The utilization of BERT and SHAP in this research represents a significant advancement in crash pattern analysis. Traditional statistical models, while helpful, often fall short of capturing the nuanced and complex nature of crash data narratives. The application of BERT allows for a more nuanced understanding of textual data, capturing the context and subtleties within crash reports. Coupled with SHAP, this approach provides clear insights into factors contributing to crash severity, enabling a more detailed and understandable analysis than previously possible with conventional methods. For example, SHAP analysis in Jordan identified “technical issues” as a critical factor, pointing to the need for stricter vehicle inspection policies and public awareness about vehicle maintenance. Similarly, in the USA, “alcohol-related incidents” emerged as a significant risk factor, emphasizing the importance of enhanced DUI enforcement and community education campaigns. These insights demonstrate the potential of SHAP to bridge the gap between data-driven findings and actionable policy measures.
The findings highlight distinct differences in crash characteristics between the two countries.
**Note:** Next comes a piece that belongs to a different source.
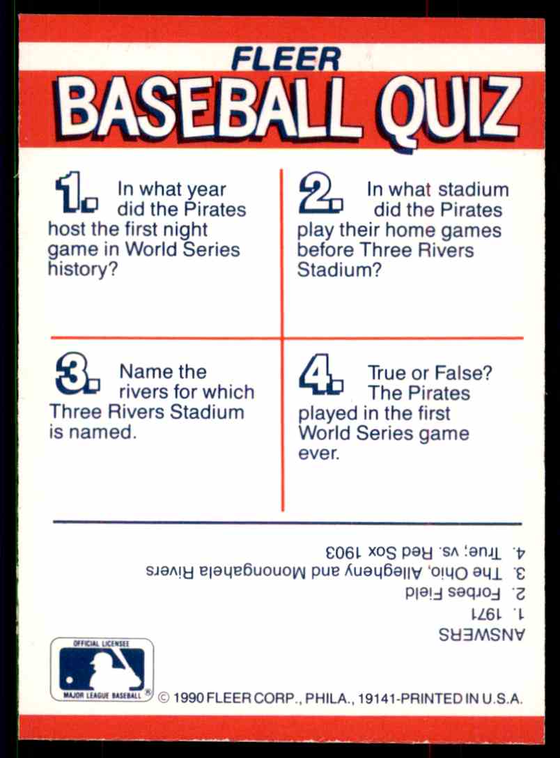 | 1990 Fleer MLB Logo Stickers W/Baseball Quiz Backs Pittsburgh Pirates |
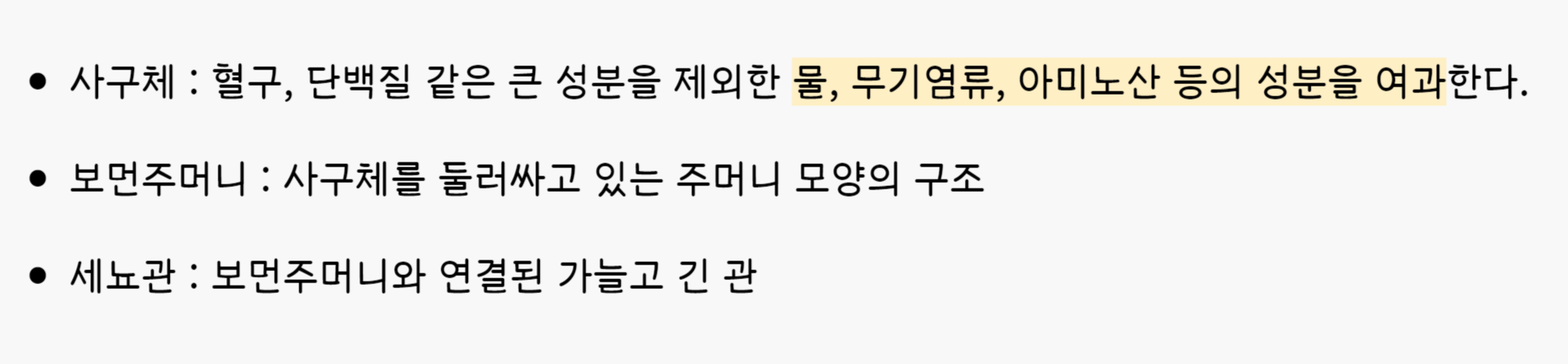 : 사구체(golmerulus) + 세뇨관(renal tubule) + 보먼주머니(bowman's capsule)

In the United States, factors such as vehicle overturns and attempted maneuvers are prevalent in fatal crashes, possibly reflecting a higher incidence of high-speed or evasive driving scenarios. Conversely, in Jordan, crash severity is more closely associated with damage extent and resultant actions, suggesting variations in vehicle safety standards and road conditions. Seasonal variation in crash occurrences, with higher rates in Autumn for Jordan and winter for the USA, indicates environmental and cultural influences on driving patterns.
To provide a clearer visualization of these regional differences,
Figure 18: Comparative Analysis of Key Crash Factors (SHAP Values): USA vs. Jordan has been added. This figure consolidates the SHAP-derived insights for fatal and non-fatal crashes across the two regions, highlighting the key contributing factors and their relative importance.
Moreover, the high accuracy of the BERT/Bi-LSTM models in predicting crash severity demonstrates the potential of machine learning in enhancing traffic safety research by identifying specific risk factors and informing targeted interventions. This adaptability is particularly relevant for other regions, as BERT models can be fine-tuned for additional languages and cultural contexts, ensuring a flexible framework for crash narrative analysis worldwide.
Table 9 compares our study’s findings with other relevant studies, showing the relative accuracy and objectives across different research contexts.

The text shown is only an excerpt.